Thursday, December 10, 2015

Hello Home 2.0

Studying abroad was my childhood dream. Honestly, just a whimsy which grew wilder because of those clichéd Bollywood movies! I lived this one. I read the stories where people talked on how they miss home and the food and the people but my story was different. In ten months, I found my own little world in Brissy

Ahmedabad to Australia was a giant leap and it wasn’t until I reached Singapore that the feeling sank in. Damn! Was I really going to another continent, all by myself? I couldn’t even ask someone to pinch me. Fortunately, I had my godparents pick me up from the airport and take me to Gold Coast. I cannot thank them enough for all the love and care, till today. But then, I was in Brisbane. I was befriending the world. Well, at least representatives of the world. 

I was living with people from different countries. No matter how fancy it sounds, four girls in one house isn’t really a house at peace. If it wasn’t for our lovely landlady, we would be pulling each other’s hair. (No not literally, just have silent wars maybe?) We had our ups and downs but these strangers became my family. Our landlady was our fairy godmother who made us cupcakes and vanilla slice. 
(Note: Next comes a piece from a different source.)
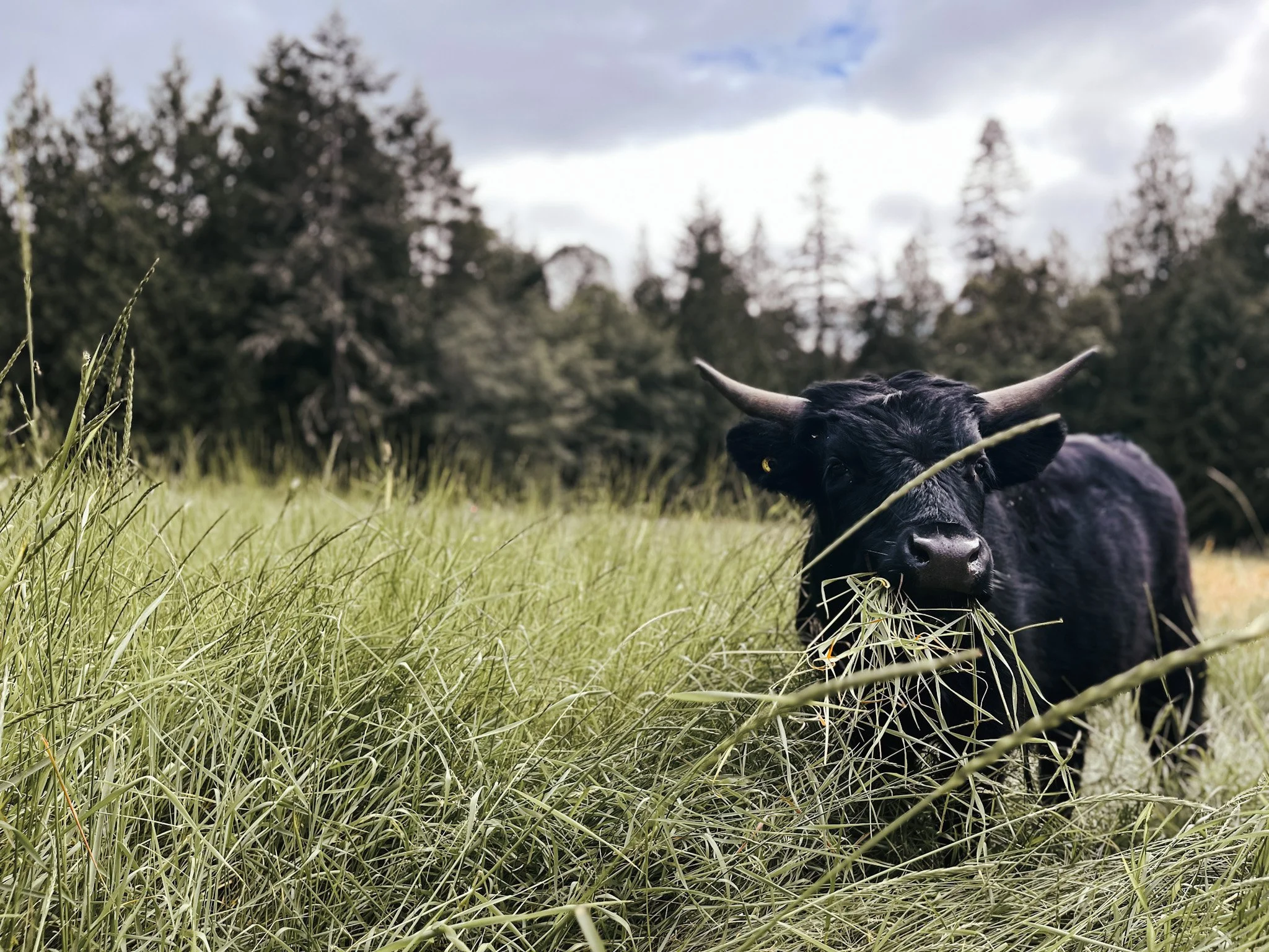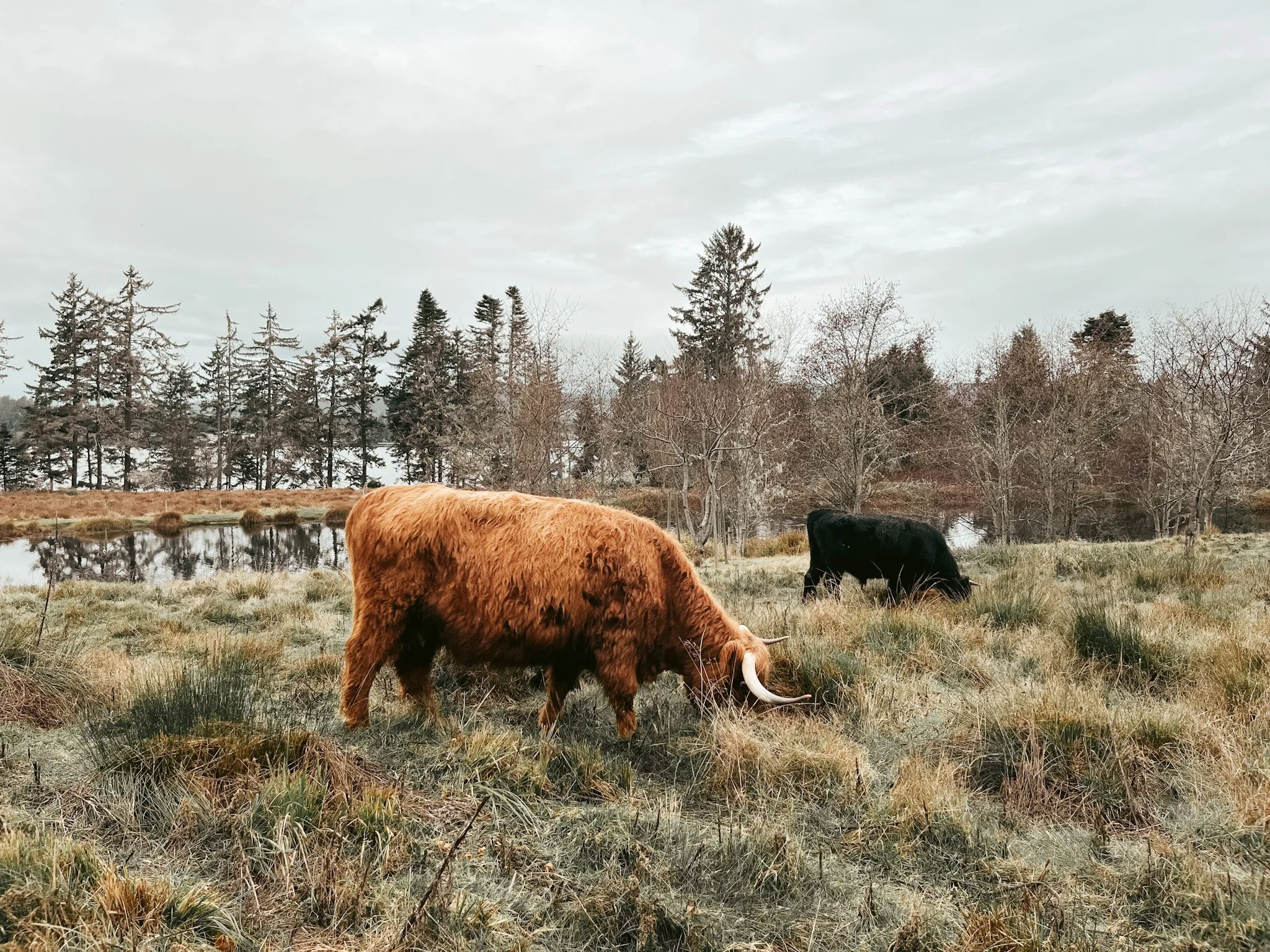 Our Highlands and Highland crosses thrive on pasture and forage, and are not supplemented with grain. Once calves are weaned, they eat local hay, and our grass and forage exclusively. They like to browse (eat trees, shrubs, brambles and bushes) as well, which helps to maintain our pastures.
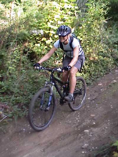 Galbraith Mt. legend Cathy Crouch cutting through the fireweed on Naughty Nellie... |

Food was not much of a problem for me since I loved cooking. For emergencies, I carried my stach of Maggi Masala everywhere. Later did I realise, Maggi masala WAS the problem. I was missing out on such amazing food and zests my taste buds were not even aware of. I literally had to graduate from calling everything bland (and adding red chilli on top of it) to accepting different cuisine for my housemate to take me for Yum Cha. I have tried Beef, Pork, Chicken feet and seafood that I can’t even recall. I love Malaysian and Mexican food. I consume Indian food just once a week. Yes, I said it. 

You know the only problem there is? Doing the dishes. No wonder that’s the reason all couples fight. I used to hate doing the dishes and I still do. Sundays are only reserved for cleaning the house and doing the laundry. But then, that’s how we grew up. Our parents put us in such comfortable cocoon that doing all the chores for the first time gives all of us a reality check. 

On top of all this, I paid the bills and I paid them by myself. I was working and studying and meeting new people. I met strangers I befriended. Strangers who became my family and when it is time to go back home to see everyone, I am struggling with goodbyes. I found my new home here with these lovely people. Even though I am so excited to see my family, I am not ready to leave Australia for six weeks. 

Six weeks is a very long time to stay away and I had no clue I would say this but suddenly, this home seems closer than India. These people seem dearer. More importantly, I am going to miss the feeling of being a grownup, of irresponsibly taking all responsibilities and breezing in the independence. 

Maybe the moment I go back to India, I might still be the 21 year old who left home; not the almost 22 year old who saw so much more of life in a span of ten months.